To encrypt the secret.txt
file into secret.enc.txt
, run the following command:
openssl aes-256-cbc -e -salt -iter 10000 -pbkdf2 -a -in secret.txt -out secret.enc.txt
Let's have a look on the options we have used,
Option | Description |
---|---|
aes-256-cbc |
the AES-256 algorithm |
-e |
this means we want to do encryption |
-salt |
read more about salt (cryptography) |
-iter 10000 |
we want 10,000 iterations to produce the key |
-pbkdf2 |
passphrase based key derivation function 2 |
-a |
base64 encode/decode |
-md val |
Message digest algorithm |
-in val |
our input file |
-out val |
our output file |
This will ask for a passphrase. Make sure you remember this passphrase.

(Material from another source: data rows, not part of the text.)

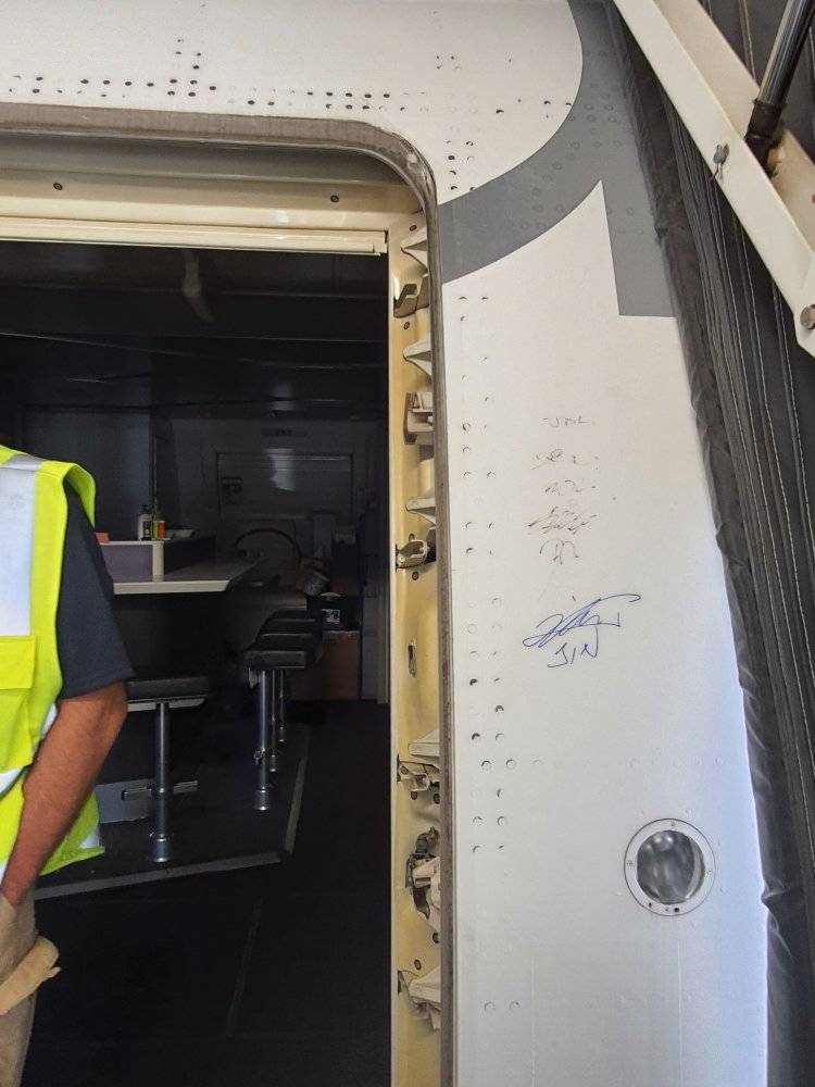 우리는 이 긴 여정을 함께한 항공기의 객실 문 옆에 서명을 남겼다.
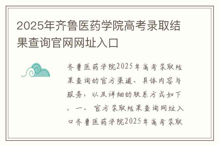 齐鲁医药学院2025年高考录取结果查询的官方渠道、具体内容与服务,以及详细的联系方式如下。
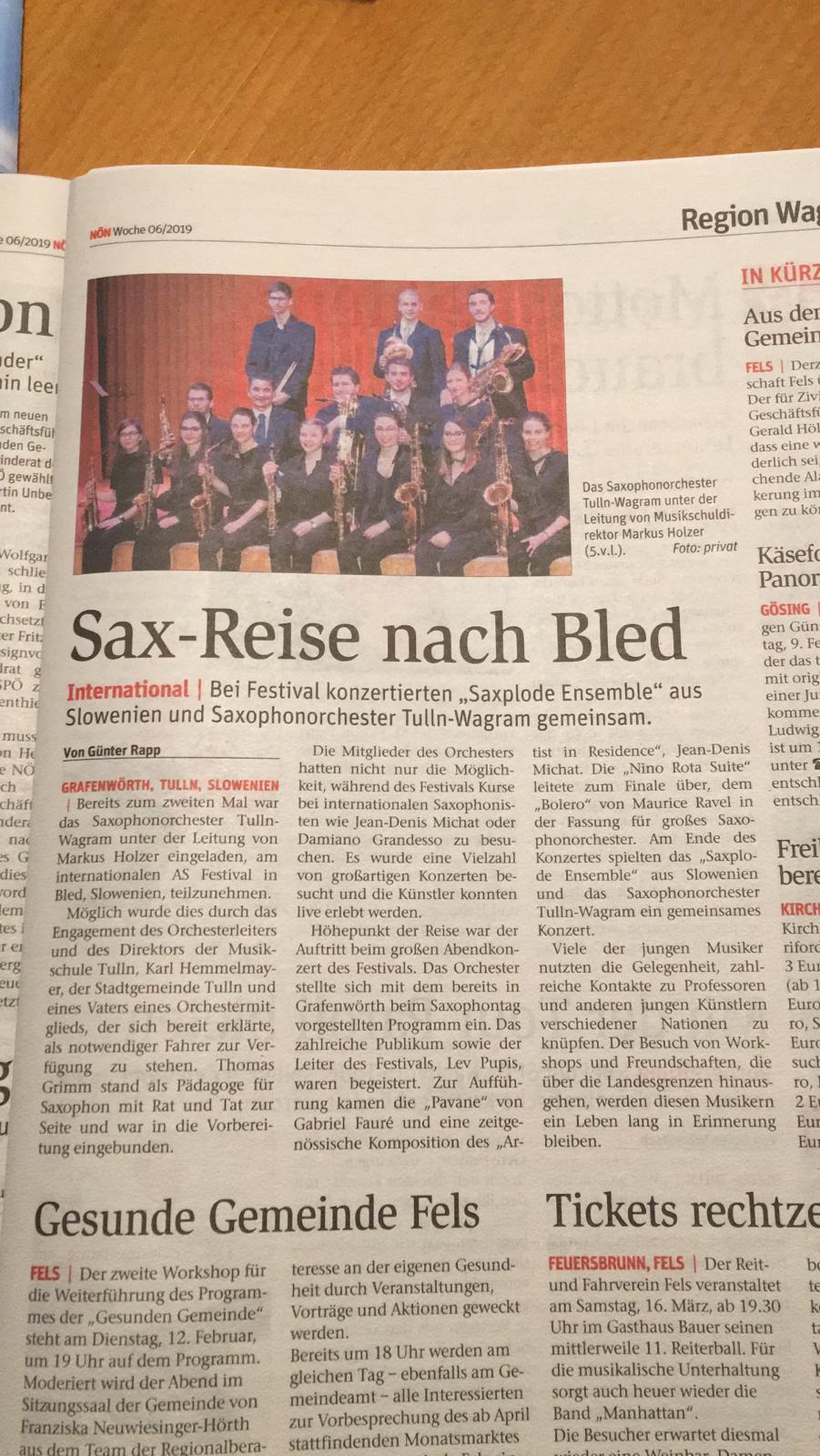 Bereits zum zweiten Mal war das Saxophonorchester Tulln-Wagram unter der Leitung von Markus Holzer eingeladen, am internationalen AS Festival in Bled, Slowenien, teilzunehmen.

Now, you will have a secret.enc.txt
encrypted file along side your plain text secret.txt
file.
We will remove the secret.txt
file, which contains our secret message. We used the shred
command to overwrite the file and then delete it.
shred -fun5 secret.txt
Decryption
The command for decrypting a file is almost same, except here we use the -d
flag (d for decryption), instead of -e
(e for encryption), and the input-output files change accordingly.
openssl aes-256-cbc -d -salt -iter 10000 -pbkdf2 -a -in secret.enc.txt -out secret.txt
This will ask for the passphrase. After entering the correct passphrase, a plain text file, secret.txt
would be created.
Note
This method is used to encrypt one file at a time. If you want to encrypt multiple files in one go, then make a tarball of all the files, and then encrypt the tarball with this method.